Start of PROVIDED MATERIAL

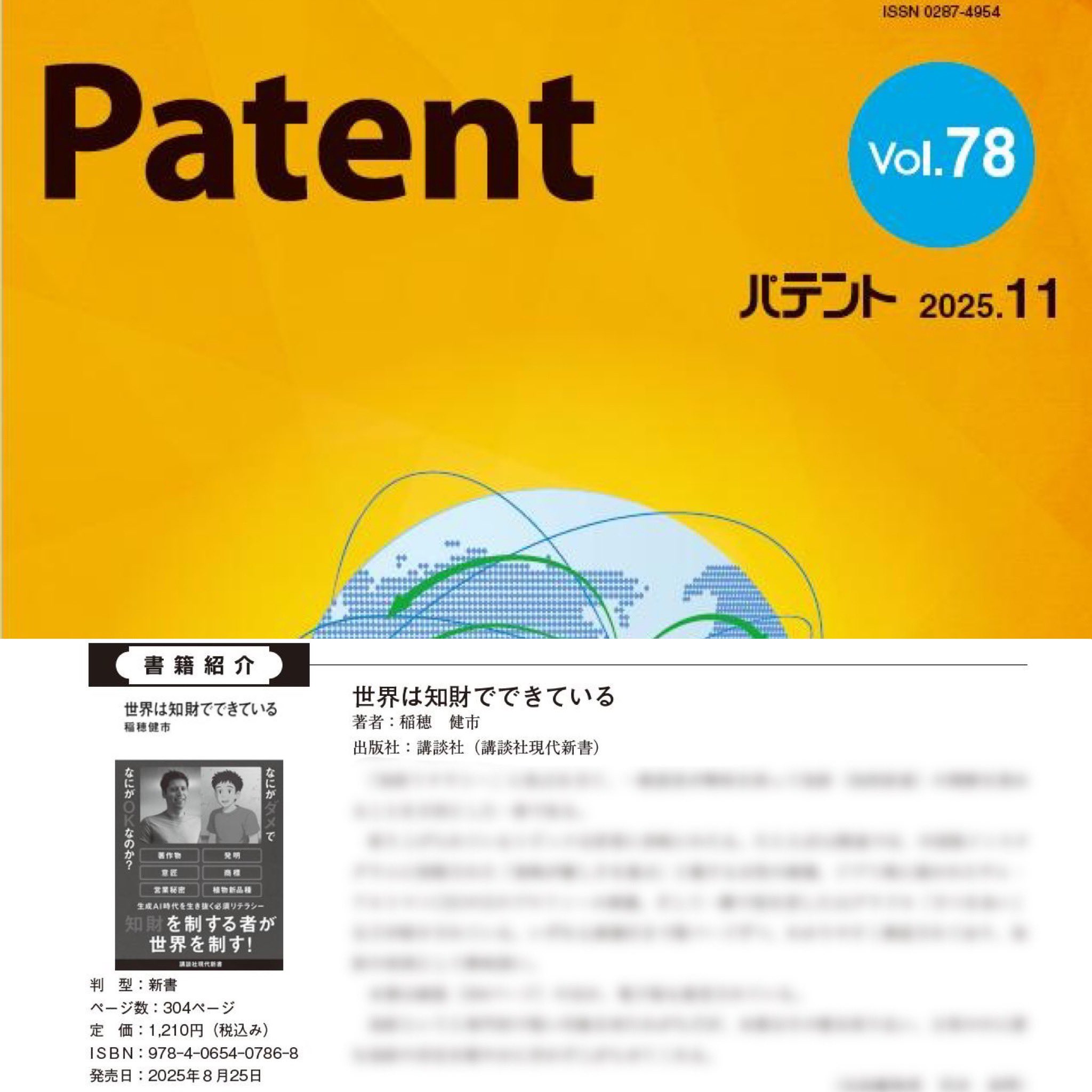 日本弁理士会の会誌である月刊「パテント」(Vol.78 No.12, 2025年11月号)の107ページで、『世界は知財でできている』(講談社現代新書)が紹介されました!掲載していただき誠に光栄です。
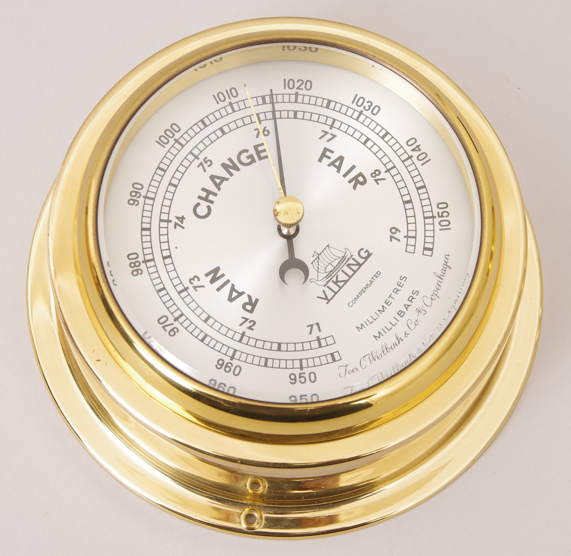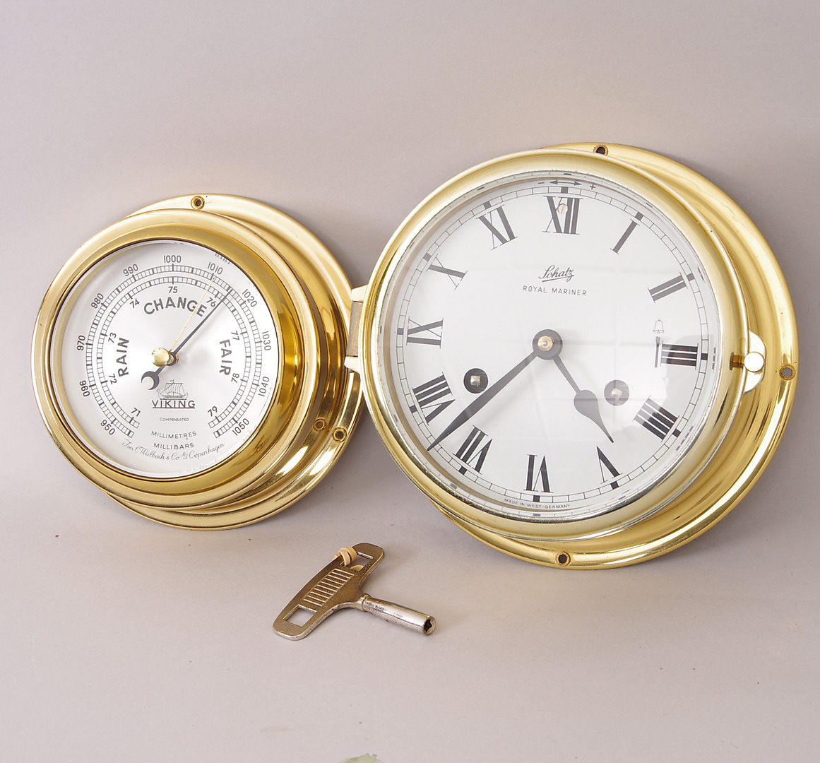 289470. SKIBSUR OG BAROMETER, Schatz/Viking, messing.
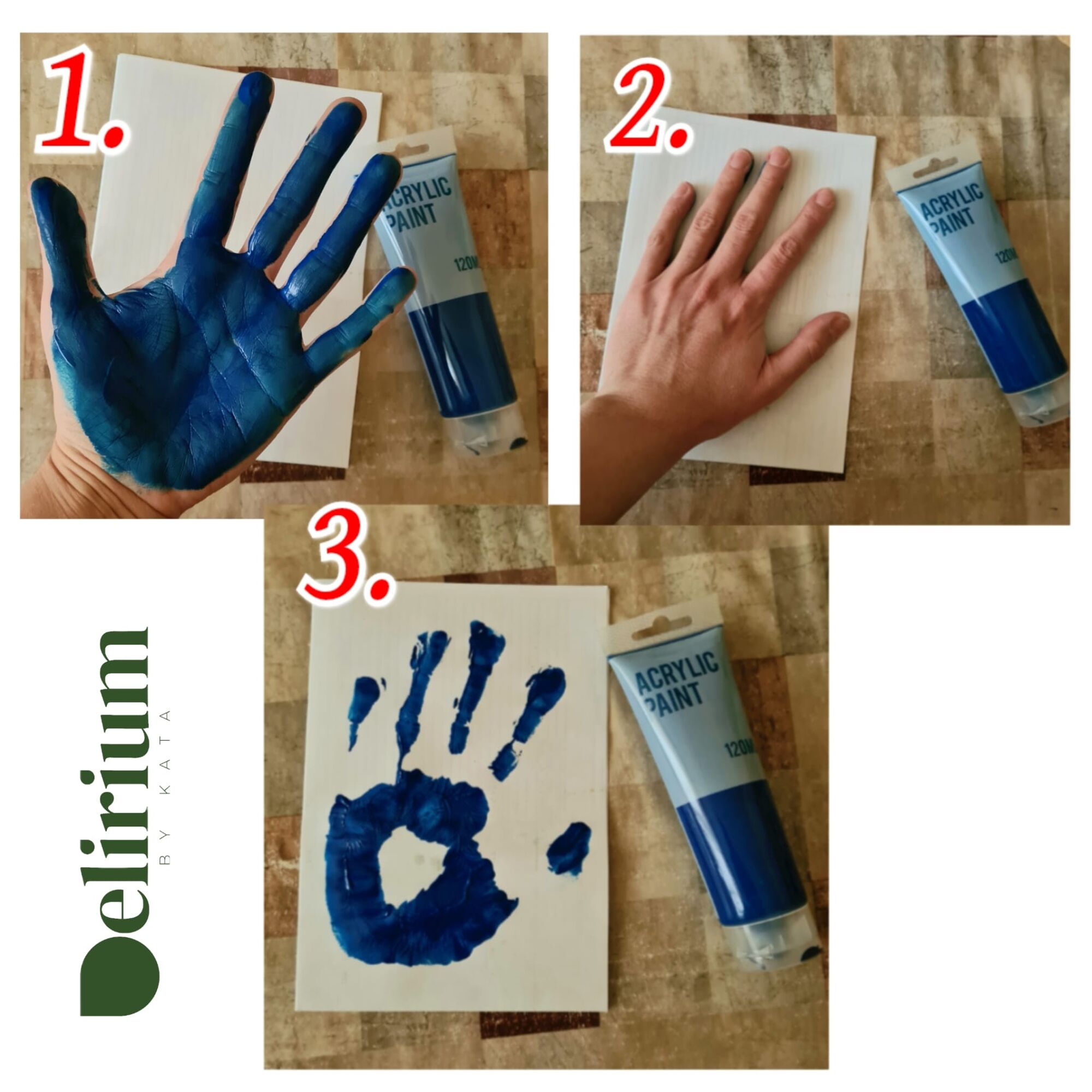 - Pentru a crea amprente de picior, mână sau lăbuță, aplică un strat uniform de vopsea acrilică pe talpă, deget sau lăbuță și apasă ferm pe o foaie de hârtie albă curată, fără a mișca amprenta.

End of PROVIDED MATERIAL

### EXERCISE DETAILS
A verbatim copy of the material, pictures excluded, is what must be produced.

### YOUR RESPONSE
 日本弁理士会の会誌である月刊「パテント」(Vol.78 No.12, 2025年11月号)の107ページで、『世界は知財でできている』(講談社現代新書)が紹介されました!掲載していただき誠に光栄です。
 289470. SKIBSUR OG BAROMETER, Schatz/Viking, messing.
 - Pentru a crea amprente de picior, mână sau lăbuță, aplică un strat uniform de vopsea acrilică pe talpă, deget sau lăbuță și apasă ferm pe o foaie de hârtie albă curată, fără a mișca amprenta.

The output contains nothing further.